La rareza es que solo con otros sonaba y ella se preguntaba, cuándo van a soltarme estas manos, cuando dejare de sentir sus piernas, esas en las que me apoyo, esas que pensaba me aman.



Da igual que entones mal, o que de tu garganta salgan taras, solo quiero que me cantes, como a una pequeña gitana.



Por dentro ella decía, quédate muy cerquita, allí donde pueda observarte, hasta que sea viejita, no me dejes de abrazar, aunque te parezca planita, tengo un surco en el centro, que quiere hablar desde dentro, pero es que solo resuena al ladito de tu pecho.

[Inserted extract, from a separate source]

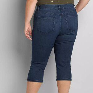 Lane Bryant Flex Magic Waistband Mid Rise Pedal Capris in Signature Fit - dark wash blue denim jeans in capri length. Meet your new go-to! This versatile pair of Signature Fit pedal jeans boasts a classic dark wash packed with plenty of dress-up-or-down potential. Fading and whiskering detail. Belt loops. Five pockets. Button and zip-fly closure. Flex Magic Waistband. The no-gap, stretch waistband that moves with you for all-day comfort. FIT: Signature. Our most popular fit for those who are proportional from waist through the hip and thigh. LEG SHAPE: Pedal. Super slim from hip to just below the knee.

Llegaban muchas primeras veces, eran las que más disfrutaba, con sus manos frías y su piel salada, sus dedos aún eran suaves y lo que más le gustaba era que la acariciaran.



Ella ayudaba a todos a buscar nuevas palabras, siendo estas expresadas después de que la rasgaran.



Ni siquiera podía lloran sin que alguien la afinara, tenía miedo al silencio porque se sentía atrapada.



No le importaba quien llegara, ella los escuchaba “Con tu ritmo yo me entiendo, no importa la balada.”



Pero en el fondo, ella buscaba y buscaba, alguien que la conquistara, un intérprete maestro que la música dominara.



Un día sucedió, la temperatura era perfecta, esa en la que la madera se siente sosegada, sin estremecerse, sin agrietarse, sin tampoco necesidad de expandirse, solo relajada, tranquila y pausada.



Allí aprecio, fue una conexión, alguien entro por la puerta, fue la primera vez que se encontraban, aunque la sensación fue tan cercana, como si ya se trataran, el tiempo quizás se paró y por fin el silencio era calma.